Hoy me toca ponerlo lo más abajo que pueda, para que desde arriba no se encuentre.
Hoy me toca ponerlo lo más abajo que pueda, para que desde arriba no se encuentre.
Antes, cuando venían a pedirme algo y, por ende, tenía toda su atención, al tiempo que escuchaba lo que me decían, miraba también la forma en que lo hacían, corregía, daba ejemplos y los proyectaba ante una situación similar en el futuro, cuando sean grandes.
Hoy, que ya son mayores, he de hacer el esfuerzo para no “sentar cátedra” cuando hablan conmigo.
Ya no vienen a pedirme algo, sólo vienen a contar algo, y debo meter el freno y detener la maquinaria de madre formadora y convertirme en... ¿qué? ¿su Dropbox?
Quieren que los escuche, que los vea como dan vueltas a una idea que los inquieta, que mi mente vaya tomando nota de cada elemento que juega en esa telaraña de dudas y que luego no “siente cátedra”.
Yo he llegado a entender que ellos usan ese término como un eufemismo. “No sientes cátedra” es lo mismo que decirme “no abras la boca”.
Y yo ¿he de escuchar, morder los dientes, dibujar una sonrisa y aderezar todo esto con alguna onomatopeya? ¿Algún “ummju” me está permitido? Pues parece que sí.
El tema puede ser muy variado pero mis respuestas están limitadas a un monosílabo afirmativo como mucho. O la amenaza de mi cátedra hará que “no me quieran contar nada”.

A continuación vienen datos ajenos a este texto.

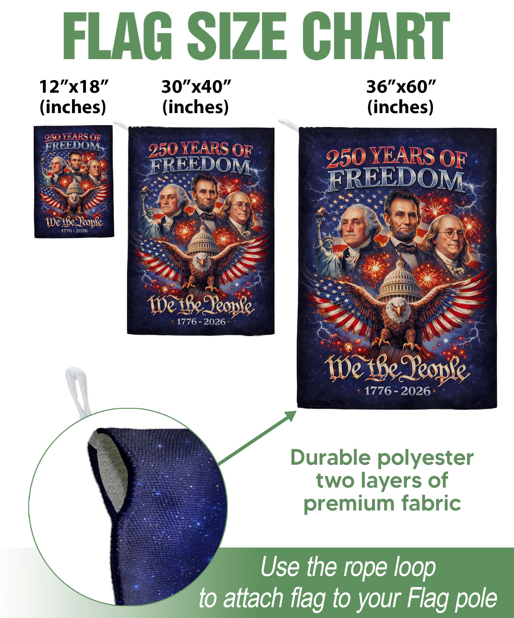 America 250 Years of Freedom 1776-2026 Garden Flag – Founders Washington Lincoln Franklin 250th Anniversary Double Sided Banner
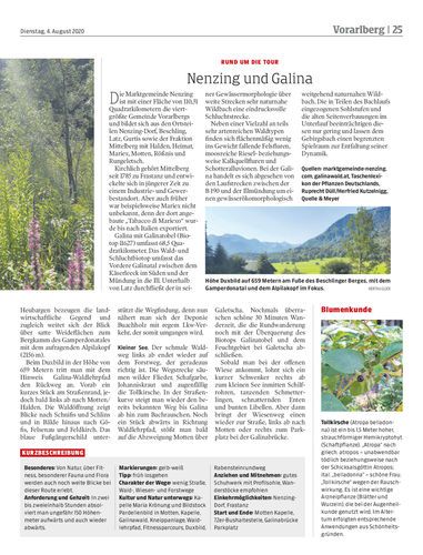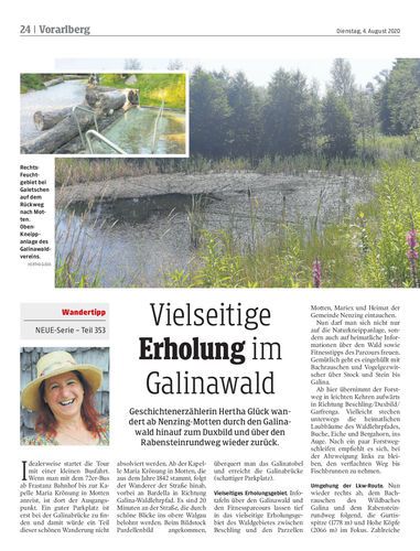 Geschichtenerzählerin Hertha Glück wandert ab Nenzing-Motten durch den Galinawald hinauf zum Duxbild und über den Rabensteinrundweg wieder zurück.

Y así llevamos un tiempo, cuando estoy haciendo algo en la cocina o sentada en el ordenador y los veo aparecer como quien danza por el salón ya se lo que me viene. Me viene su vida a capítulos, esa donde yo ya no meto mano, donde sólo puedo desear que todo lo que pude hacer, decir, ordenar y -sobre todo- convencer en aquellos años en los que alzaba las cosas, funcione ahora que me sacan dos cabezas y que ven más allá de donde yo llego.
Puede que sea una fase. Puede que cuando cumplan los treinta me vuelvan a dejar hablar. Yo estaré aquí aguantando el aire.